** Task requirements **
All of the data that follows should be retyped exactly, please, except the pictures.

** Raw data **
────────────────────────────────────────
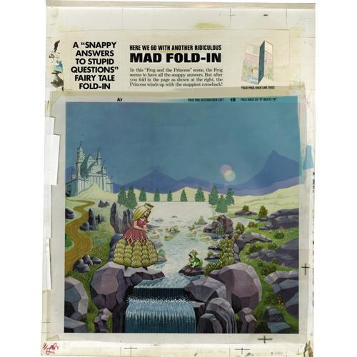 "<B>Al Jaffee - Mad #233 Fold-In Back Cover Original Art (EC, 1982).</B></I> Al Jaffee's fold-in presents ""A 'Snappy Answers to Stupid Questions' fairy tale fold-in."" And the ultimate snappy fold-in comeback crack is, ""I hope you freeze your ...[painting of an ass]."" Painted on illustration board, this fold-in scene has an image area of 17"" x 21"", and the art is in Excellent condition. Also included are two production overlays -- one with an amberlith screen, and one with word balloons. <I>From the Mad Magazine Archives.</B></I> "
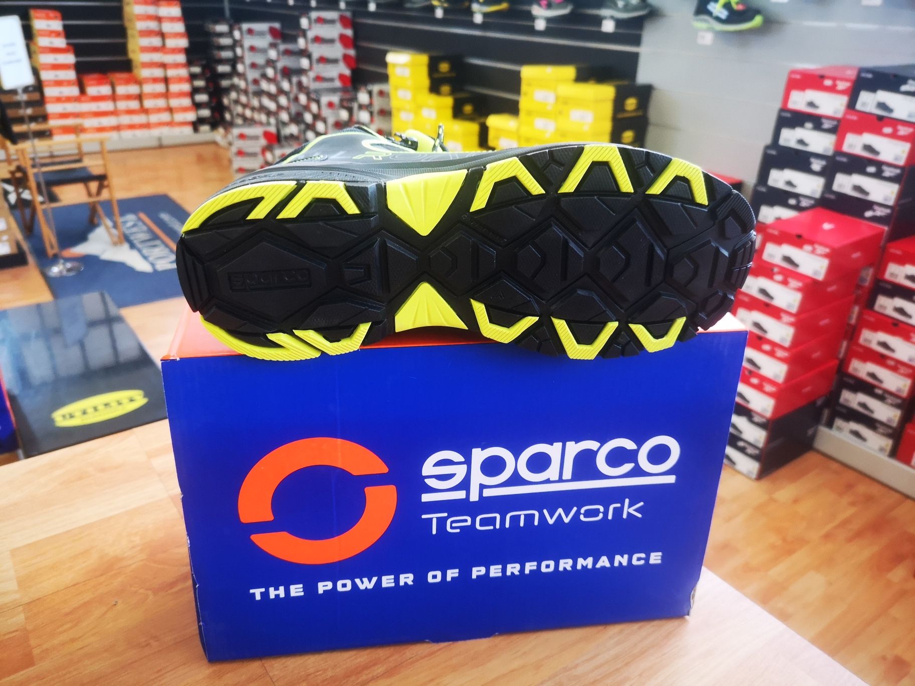 intersuola in phylon e battistrada in gomma nitrilica HRO con assorbimento di energia sul tallone.
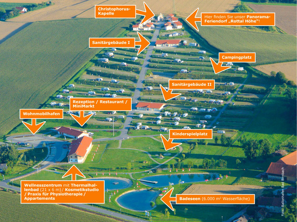 Neu im Rottaler Bäderdreieck ist unser Panorama-Feriendorf "Rottal Höhe", idyllisch über dem Campingplatz gelegen. 14 Ferienhäuser gruppieren sich zu einem charmanten Dorf mit eigener Kapelle. Erholung pur verspricht unser Wellnesszentrum mit Thermalbad und Saunen. Massagen, Kosmetik und Aktivprogramm erfrischen Körper, Geist und Seele. Naturbadeseen, Gaststube mit Sonnenterrasse, Kinderspielplatz u.v.m. garantieren Urlaubsgenuss für alle Generationen.
────────────────────────────────────────
** Answer box **
 "<B>Al Jaffee - Mad #233 Fold-In Back Cover Original Art (EC, 1982).</B></I> Al Jaffee's fold-in presents ""A 'Snappy Answers to Stupid Questions' fairy tale fold-in."" And the ultimate snappy fold-in comeback crack is, ""I hope you freeze your ...[painting of an ass]."" Painted on illustration board, this fold-in scene has an image area of 17"" x 21"", and the art is in Excellent condition. Also included are two production overlays -- one with an amberlith screen, and one with word balloons. <I>From the Mad Magazine Archives.</B></I> "
 intersuola in phylon e battistrada in gomma nitrilica HRO con assorbimento di energia sul tallone.
 Neu im Rottaler Bäderdreieck ist unser Panorama-Feriendorf "Rottal Höhe", idyllisch über dem Campingplatz gelegen. 14 Ferienhäuser gruppieren sich zu einem charmanten Dorf mit eigener Kapelle. Erholung pur verspricht unser Wellnesszentrum mit Thermalbad und Saunen. Massagen, Kosmetik und Aktivprogramm erfrischen Körper, Geist und Seele. Naturbadeseen, Gaststube mit Sonnenterrasse, Kinderspielplatz u.v.m. garantieren Urlaubsgenuss für alle Generationen.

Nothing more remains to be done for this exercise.